C'est là à mes yeux quelques bribes du défi que la société place devant nos yeux. Ce n'est pas seulement l'institution-Église qui est questionnée, mais chacun et chacune d'entre nous qui sommes l'Église.  Nous ne pouvons rien sur le passé, le présent est entre nos mains et demain nous appartient. Un évêque de France disait aux gens: "Fermez vos téléviseurs et ouvrez l'Évangile." Il me semble que nous sommes invités à fermer nos livres de structures, de lois et de disciplines ecclésiastiques pour ouvrir l'Évangile et retrouver la mission de Jésus Christ.  Ça aussi, il  y  a longtemps qu'on le dit.

  

vendredi, 16 octobre 2020 16:24

S Paul écrit ...

L'amour rend service, l'amour ne jalouse pas, il ne se vante pas, ne se gonfle pas d'orgueil, il ne fait rien d'inconvenant, il ne cherche pas son intérêt, il n'entretient pas de rancune, il touve sa jie dans ce qui est vrai, l'amour ne passera jamais. Ce qui demeure aujourd'hui, c'est la foi, l'espérance et la charité; mais la plus grande des trois, c'est la charité. 1 cor. 13, 13. 

 

vendredi, 16 octobre 2020 14:42

Les rituels.

Le temps de pandémie nous a privé d'un certain nombre de rituels et du même coup nous a fait découvrir l'importance de ces rituels dans nos vies. Que ce soit des rites à la maison à l'occasion d'anniversaire ou de rencontres familliales, ou des rituels à l'église; Ainsi ce temps ne devrait pas être un temps d'attente mais un temps d'approfondissement. Souvent les artistes à la téklé nous parlent de l'importance des rites dans leur vie. Nous avons vu les chrétiens se tourner vers des rites au salon funéraire lors de décès et parfois s'inventer des rites qui célèbrent l'événement de la mort d'un proche. Nous faisons tous l'expérience de cette privation des rites et des rencontres dans nos vies. Nos repas, nos rencontres sont des rites.
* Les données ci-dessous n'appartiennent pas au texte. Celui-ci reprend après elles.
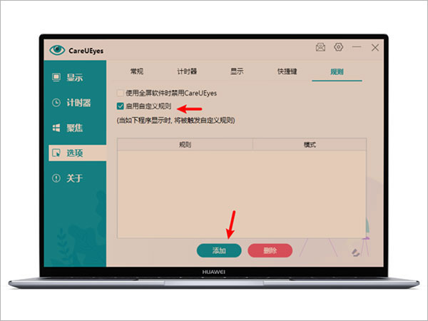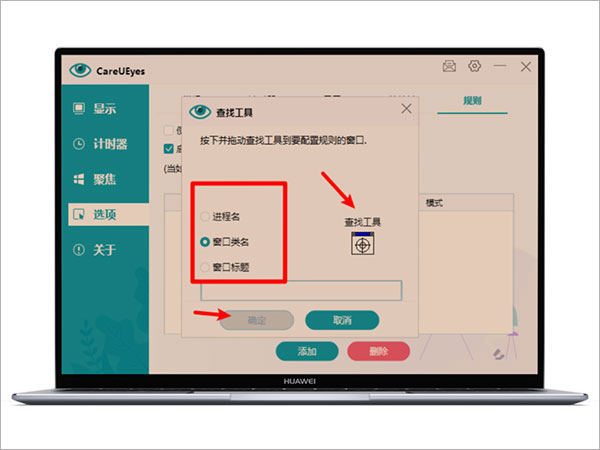 勾选住启用自定义规则,然后点击下方添加按钮,弹出对话框后,选择窗口类名;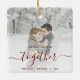 Comemore o seu primeiro Natal como um casal, noivo ou casado, com este belo ornamento moderno de guardas. O texto vermelho-escuro diz "Nosso primeiro Natal juntos", com a palavra "juntos" em uma escrita elegante com florescimento antes e depois. Substitua a imagem de exemplo por sua foto favorita e adicione seus nomes e o ano. Um filtro de gradiente branco ajuda a fazer o pop de texto.

Cette réalité me pose une question comme chrétiens. Si les chrétiens ont quitté aussi massivement nos rites à l'église surtout lors des décès et que ces rites sont importants même nécessaires, ceci me conduit à me demander: Pourquoi ont-ils quitté? Pourquoi préfèrent-ils les rites au salon funéraire à ceux de l'église? Je me suis posé une autre question: Est-ce qu'à l'église nous célébrons le décès de quelqu'un, le passage vers autre chose, un rite d'accompagnement des personnes endeuillées ou si nous célébrons une messe où nous insérons un décès?  J'ai célébré les funérailles d'une vieille dame décédée de mort naturelle, et le lendemain celle d'un jeune décédé d'un accident. C'était le même rite, la même structure seul le nom avait changé avec quelques mots dans l'homélie. Ne sommes-nous pas invités à réinvnter nos rites de passage, rite de deuil, rite d'accompagnement de personnes endeuillées en fonction de l'événement vécu? Au lieu de dire une messe, nous pourrions célébrer un décès? Ce que nous vivons présentement devrait nous inviter à réinventer nos célébrations. Dans les dernières célébrations que j'ai présidées soit dans ma famille ou pour des amis, j'ai tenté certaines expériences qui ont répondu à un besoin.   Cela m'a fait vivre et me fait vivre encore aujourd'hui.